### Problem requirements
Take the material below and extract the lines from the one with "Finalmente, para el" through the one with "日本ファイナンスでは実際にご", word for word, without pictures.

### Records for this task
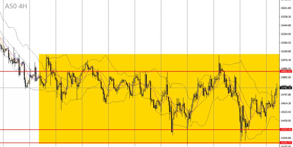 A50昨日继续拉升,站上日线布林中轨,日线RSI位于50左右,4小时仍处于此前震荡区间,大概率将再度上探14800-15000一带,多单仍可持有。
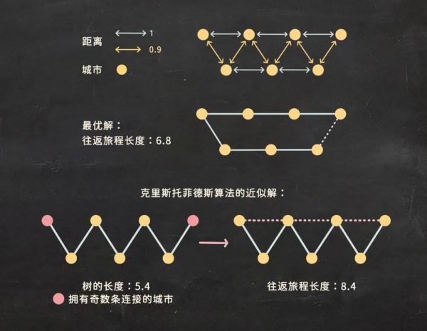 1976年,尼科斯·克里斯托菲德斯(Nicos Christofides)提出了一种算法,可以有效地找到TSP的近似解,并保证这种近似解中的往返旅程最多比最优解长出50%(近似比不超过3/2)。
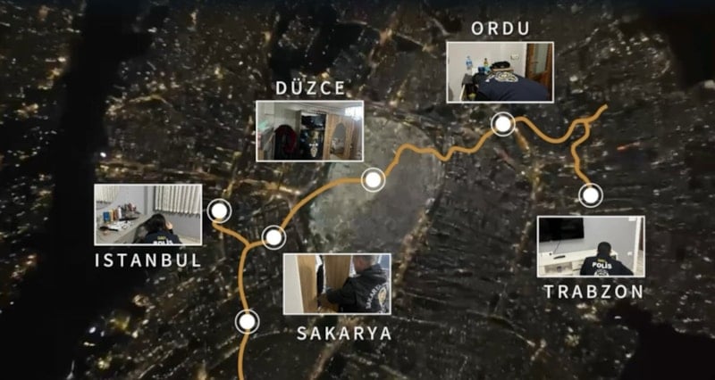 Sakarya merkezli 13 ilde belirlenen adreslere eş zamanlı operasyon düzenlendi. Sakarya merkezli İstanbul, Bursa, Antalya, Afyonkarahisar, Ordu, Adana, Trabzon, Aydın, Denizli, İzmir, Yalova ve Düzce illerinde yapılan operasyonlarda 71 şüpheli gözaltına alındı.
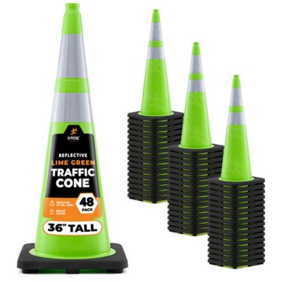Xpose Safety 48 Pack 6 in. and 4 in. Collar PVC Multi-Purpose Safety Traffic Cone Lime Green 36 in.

...

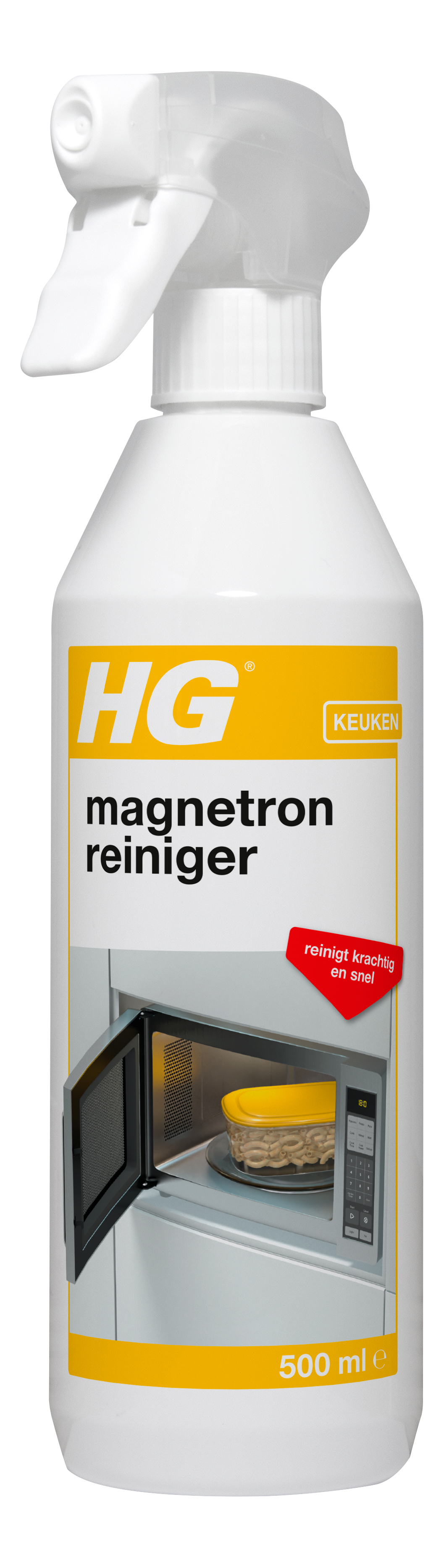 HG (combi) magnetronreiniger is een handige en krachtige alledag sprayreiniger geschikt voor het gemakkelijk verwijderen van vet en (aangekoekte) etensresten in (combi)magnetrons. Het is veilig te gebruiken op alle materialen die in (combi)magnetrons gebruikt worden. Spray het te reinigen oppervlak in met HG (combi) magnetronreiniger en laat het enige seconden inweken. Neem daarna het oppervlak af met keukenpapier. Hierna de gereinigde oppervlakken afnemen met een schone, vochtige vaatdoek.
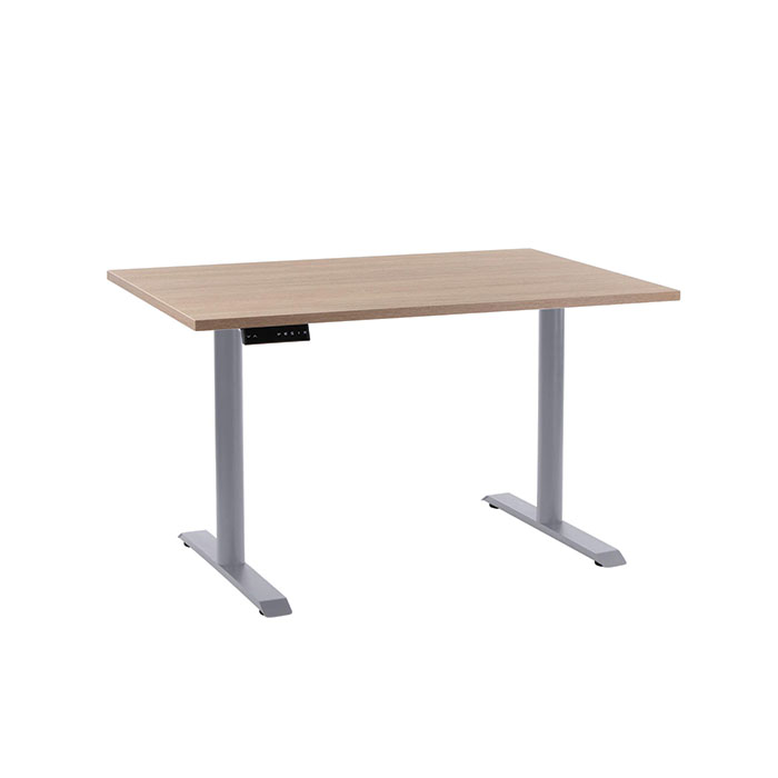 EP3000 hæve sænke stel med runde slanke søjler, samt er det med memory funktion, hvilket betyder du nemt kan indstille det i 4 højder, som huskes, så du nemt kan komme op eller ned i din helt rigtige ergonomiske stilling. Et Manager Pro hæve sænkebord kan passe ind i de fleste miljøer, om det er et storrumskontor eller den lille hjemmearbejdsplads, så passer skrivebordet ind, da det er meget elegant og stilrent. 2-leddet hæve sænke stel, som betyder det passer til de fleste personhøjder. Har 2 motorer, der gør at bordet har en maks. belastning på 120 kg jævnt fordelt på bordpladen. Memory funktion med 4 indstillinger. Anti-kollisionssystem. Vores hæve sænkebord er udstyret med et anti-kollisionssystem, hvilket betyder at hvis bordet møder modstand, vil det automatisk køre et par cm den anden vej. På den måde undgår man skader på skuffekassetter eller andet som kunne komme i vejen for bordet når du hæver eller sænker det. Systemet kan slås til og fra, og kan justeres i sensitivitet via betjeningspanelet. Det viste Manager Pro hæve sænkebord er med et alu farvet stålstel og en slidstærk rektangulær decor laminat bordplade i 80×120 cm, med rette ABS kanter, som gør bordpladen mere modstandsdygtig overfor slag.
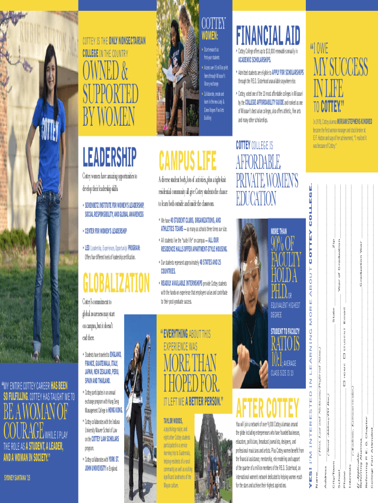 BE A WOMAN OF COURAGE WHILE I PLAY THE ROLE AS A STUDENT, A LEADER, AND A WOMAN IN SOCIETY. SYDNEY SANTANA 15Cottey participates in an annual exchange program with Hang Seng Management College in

...

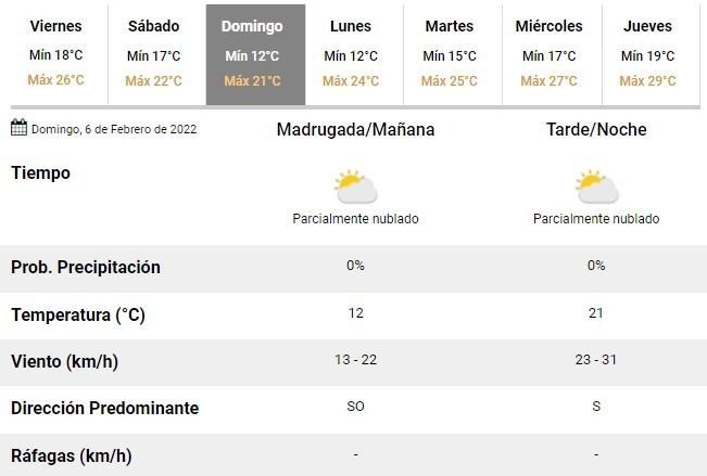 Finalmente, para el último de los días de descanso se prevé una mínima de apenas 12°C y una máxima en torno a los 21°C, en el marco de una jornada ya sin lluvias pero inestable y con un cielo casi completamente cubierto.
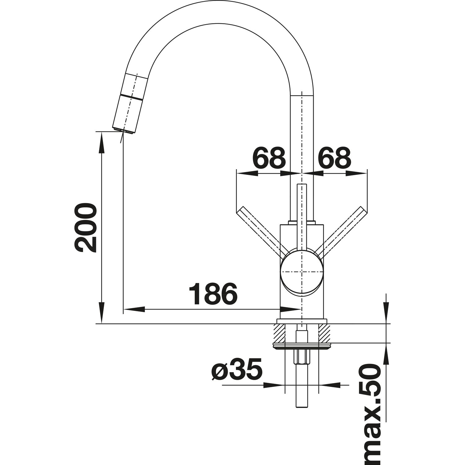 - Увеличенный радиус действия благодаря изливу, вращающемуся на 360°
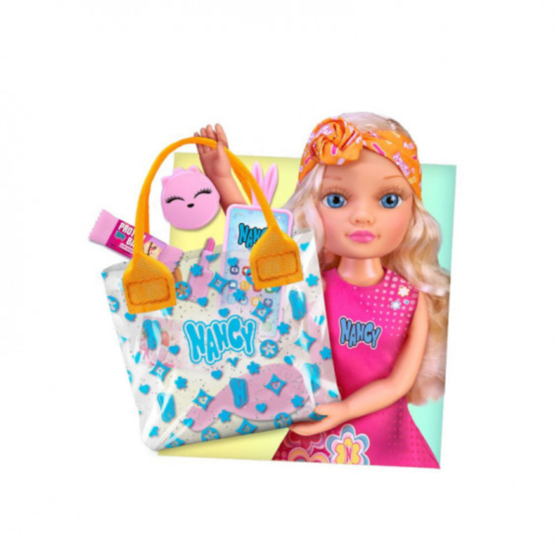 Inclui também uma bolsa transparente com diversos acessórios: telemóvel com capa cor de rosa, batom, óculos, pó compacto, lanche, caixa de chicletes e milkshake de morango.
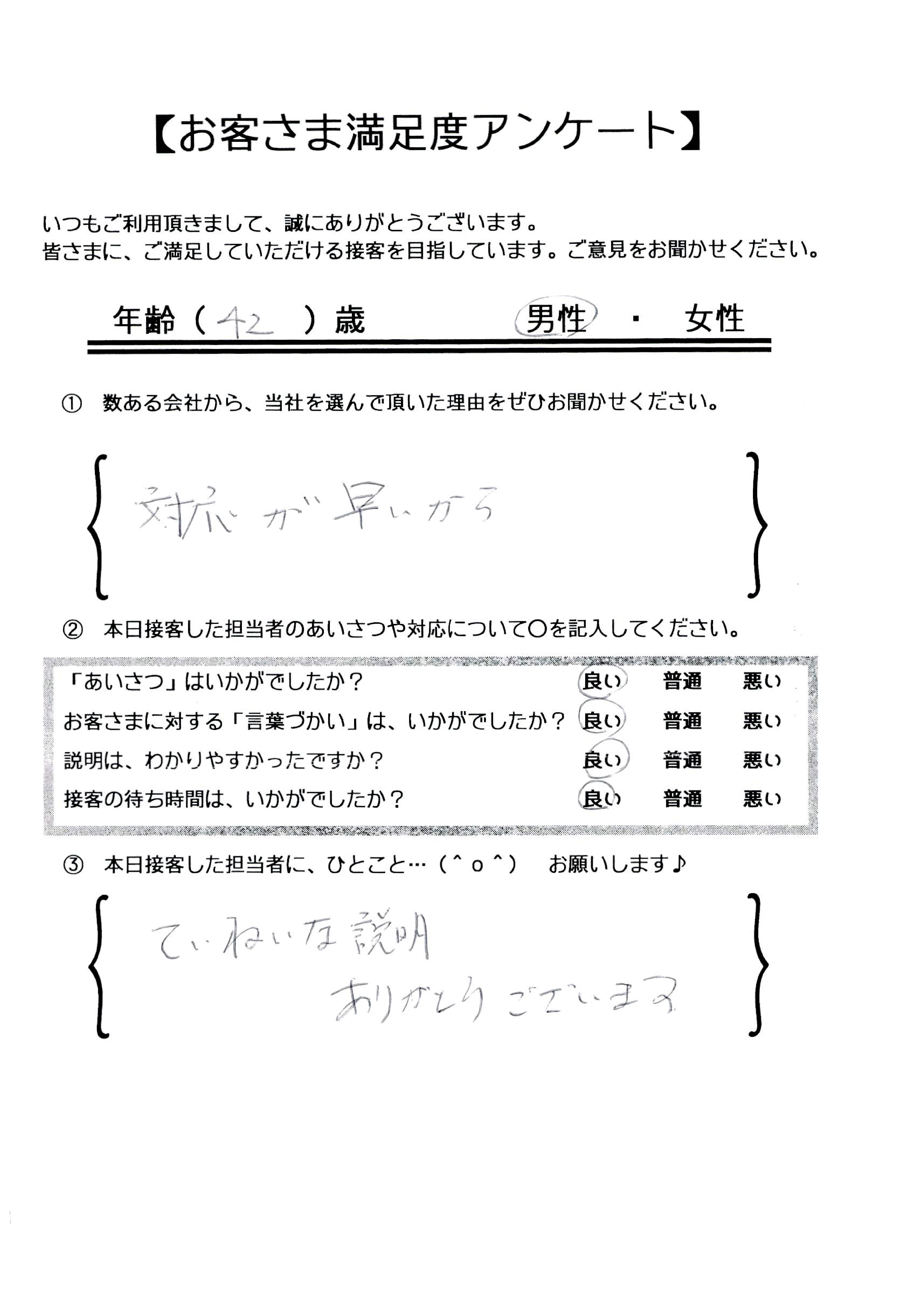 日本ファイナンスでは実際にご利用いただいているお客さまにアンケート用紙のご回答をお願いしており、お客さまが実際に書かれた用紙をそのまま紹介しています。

### Answer space
 Finalmente, para el último de los días de descanso se prevé una mínima de apenas 12°C y una máxima en torno a los 21°C, en el marco de una jornada ya sin lluvias pero inestable y con un cielo casi completamente cubierto.
 - Увеличенный радиус действия благодаря изливу, вращающемуся на 360°
 Inclui também uma bolsa transparente com diversos acessórios: telemóvel com capa cor de rosa, batom, óculos, pó compacto, lanche, caixa de chicletes e milkshake de morango.
 日本ファイナンスでは実際にご利用いただいているお客さまにアンケート用紙のご回答をお願いしており、お客さまが実際に書かれた用紙をそのまま紹介しています。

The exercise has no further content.